Ancak önceki hüküm çerçevesinde kapsama girmediği halde karşı tarafın talebi doğrultusunda sözleşmelerini 13 Ekim’e kadar TL’ye çevirmek zorunda kalan mükelleflerin nasıl bir yol izleyeceğine ilişkin tebliğde bir açıklama yer almıyor.

Damga vergisi açıklığa kavuştu

Döviz veya dövize endeksli sözleşmelerin Türk Lirasına çevrilmesi durumunda yeni bir damga vergisi mükellefiyetin doğup doğmayacağı konusunda tereddütler bulunuyordu.
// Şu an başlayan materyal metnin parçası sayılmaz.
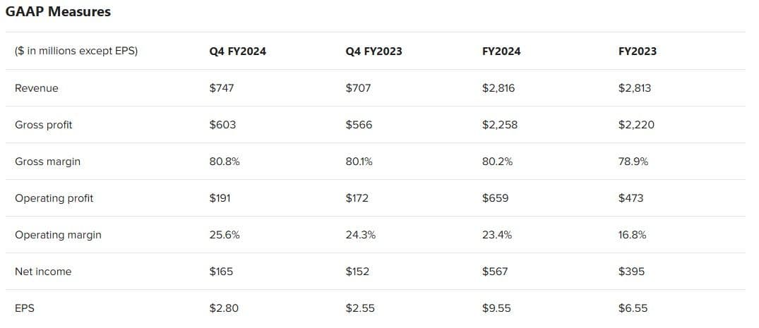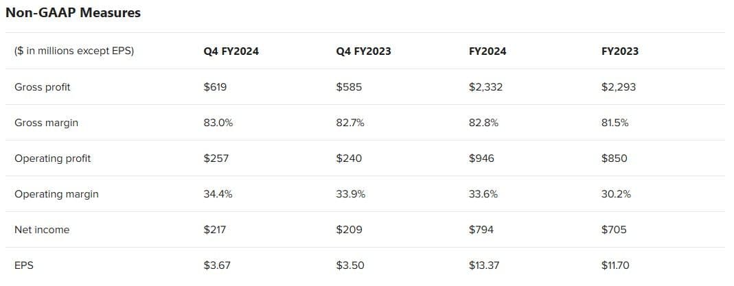 GAAP gross profit for the fiscal year 2024 was $2.26 billion, representing GAAP gross margin of 80.2%. This compares with GAAP gross profit of $2.22 billion in the year-ago period, which represented GAAP gross margin of 78.9%. Non-GAAP gross profit for fiscal year 2024 was $2.33 billion, representing non-GAAP gross margin of 82.8%. This compares with non-GAAP gross profit of $2.29 billion in the year-ago period, which represented non-GAAP gross margin of 81.5%.
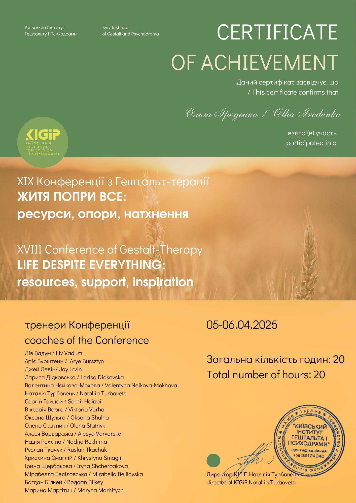 2024- по даний час КІГІП, Другий ступінь навчання на гешталт-терапія

Gelir İdaresi Başkanlığı 22 Kasım’da yayınladığı bir sirkülerle bu konuyu açıklığa kavuşturdu.

Buna göre aşağıdaki şartların birlikte var olduğu işlemlerde TL’ye dönüşüme ilişkin kâğıtlardan ayrıca damga vergisi alınmayacak:

1. Sözleşmelerin diğer maddelerinde (taraf, süre uzatımı, yeni iş ilavesi vb.) bir değişiklik yapılmaksızın sadece bedele ilişkin düzenleme yapılması,

2. Türk Lirası cinsinden belirlenecek toplam bedelin, ilk sözleşmede yer alan döviz cinsinden bedel ile değişikliğe ilişkin kâğıdın düzenlendiği tarihteki TCMB’nin ilan ettiği cari döviz satış kurunun çarpımı suretiyle bulunacak tutarı geçmemesi,

3. İlk sözleşmeye atıf yapılmış olması.

Dönüşüm yapılırken yeni sözleşmenin yukarıdaki şekilde hesaplanan TL tutardan (dövizli sözleşmenin diğer maddelerinde bir değişiklik yapılmaksızın) daha yüksek bir bedel içermesi durumunda ise artan tutar üzerinden damga vergisi ödenmesi gerekiyor.

Sirkülerde son olarak; ilk sözleşmenin başka hükümlerinde de değişiklik olması veya bu sözleşme yerine geçecek tamamen yeni bir sözleşme yapılması durumunda, toplam tutar üzerinden damga vergisi ödenmesi gerektiği hatırlatılıyor.

 

Bu makalede yer alan açıklamalar, yazarının konu hakkındaki kişisel görüşünü yansıtmaktadır. Makaledeki bilgi ve açıklamalardan dolayı EY ve/veya Kuzey YMM ve Bağımsız Denetim A.Ş.’ye sorumluluk iddiasında bulunulamaz. Mevzuatın sık değiştirilen ve farklı anlayışlarla yorumlanabilen yapısı nedeniyle, herhangi bir konuda uygulama yapılmadan önce konunun uzmanlarından profesyonel yardım alınmasını tavsiye ederiz.